Confessions of a Police Constable
Page 22
It was one of those unexpectedly hot days that sometimes arrive even before the beginning of spring. The kind of day you remember from childhood, when you’d sneak outside without a jacket for the first time in the year, without any real risk of your mum shouting at you for it.
‘Pretty light shift today,’ the inspector grunted at our shift sergeant.
‘Yeah. Couple of people on training, four are in court to testify on that bar brawl back in November, one’s off ill, and a small group are on secondment to CO eleven65, some sort of training ahead of the Olympics, I think,’ he replied.
‘Righty-oh,’ the inspector said, looking around the room. ‘There’s still almost a dozen of you, so let’s wrap up this briefing and go hunting.’
We were given our postings as usual, but for reasons unknown to me, I was put on caged-van duty. It’s not a bad posting, really, but it had been a long time since I’d been in anything but a Panda or the area car.
‘Five-nine-two and two-two-three,’ the skipper said, looking over at Pete and myself. ‘Before we get too many bodies in, could the two of you go and deal with an arrest inquiry? Take seven-two-three with you.’
Once we’d left the briefing room, I walked over to the Borough Intelligence Unit based at our station and asked them to print us off a copy of the arrest inquiry we were meant to go to.
‘I’ve already got the CAD,’ I said as I returned to my team, and triumphantly held up the six sheets of A4 paper, still warm from the printer. ‘Who wants coffee?’
We all piled into the mess at the police station.

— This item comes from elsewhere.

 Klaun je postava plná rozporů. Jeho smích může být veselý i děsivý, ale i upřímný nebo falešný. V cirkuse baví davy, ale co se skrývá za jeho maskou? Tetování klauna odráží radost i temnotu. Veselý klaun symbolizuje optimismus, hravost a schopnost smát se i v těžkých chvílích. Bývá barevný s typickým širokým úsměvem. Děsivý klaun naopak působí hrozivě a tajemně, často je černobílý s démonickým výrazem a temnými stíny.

I ordered a round of coffees (the ground stuff that we have to pay for, not the pitiful slop that comes out of the free machine), and Pete skim-read the CAD printout to see what we were up for.

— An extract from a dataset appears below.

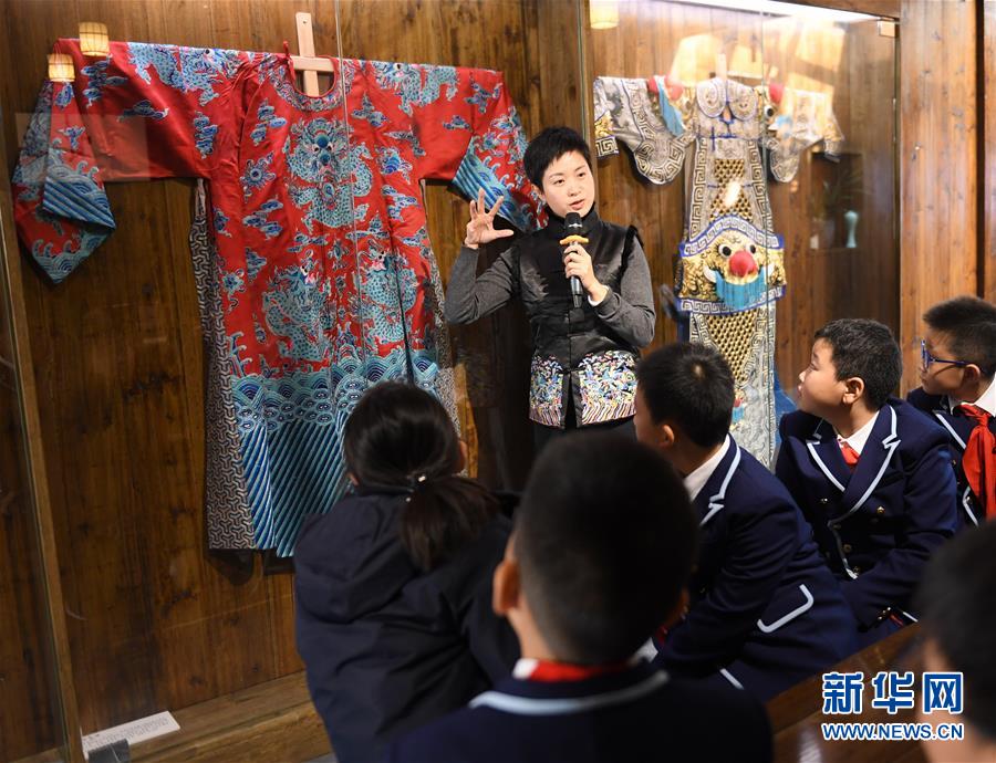 12月11日,杨崑(上)在“小河驿国际昆曲会客厅”为前来研学的小学生介绍昆曲戏服。 在京杭大运河最南端、杭州市拱墅区一条传统的江南小巷里,有一个“昆曲会客厅”,时常传出曼妙的昆曲声腔。会客厅的“主人”是浙江昆剧团演员杨崑。为向公众普及昆曲的基本知识、为昆曲爱好者和专家搭建交流平台,杨崑在传统文化街区小河直街开设了“小河驿国际昆曲会客厅”,受到了市民和游客的欢迎。“我是一名昆曲演员,也是一个传播者,希望更多人来了解昆曲。”杨崑说。 新华社记者翁忻旸摄

‘Right,’ Pete said. ‘Looks like we’re looking for a, um, Stephanie Eng … Engu …’
‘You what?’ I said. ‘I’m sure it was some dude we were looking for?’

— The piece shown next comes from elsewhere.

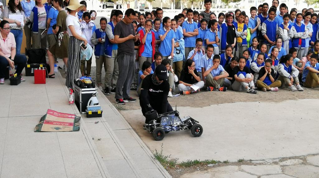 首先进行的是科技作品展示活动,青少年科技活动中心的老师们,向第十中学的同学们展示了不同类型的航模、车模等作品,并展示了他们高超的操控技艺。活动过程中,老师们精彩的展示表演,引起同学们阵阵惊呼,同学们毫不吝啬地将最热烈的掌声送给了表演的老师们。随后青少年活动中心的老师们邀请了6名第十中学的同学,参与体验车模的操控。

‘It says “Stephanie”,’ Pete said. ‘Oh, wait …’
I grabbed the papers from him.
‘You plum … It says Stéphane. That’s like Steven. And the last name is Nguimgo,’ I said, hoping I hadn’t butchered the guy’s last name too badly.
I continued to scan the report.
‘He’s from Cameroon … Wanted for serious assault at work … He works in a warehouse … Wow …’ – I paused – ‘Says here he smacked first his boss, then a co-worker, with a crowbar – all over an argument about some food in the break-room fridge. Lovely fellow.’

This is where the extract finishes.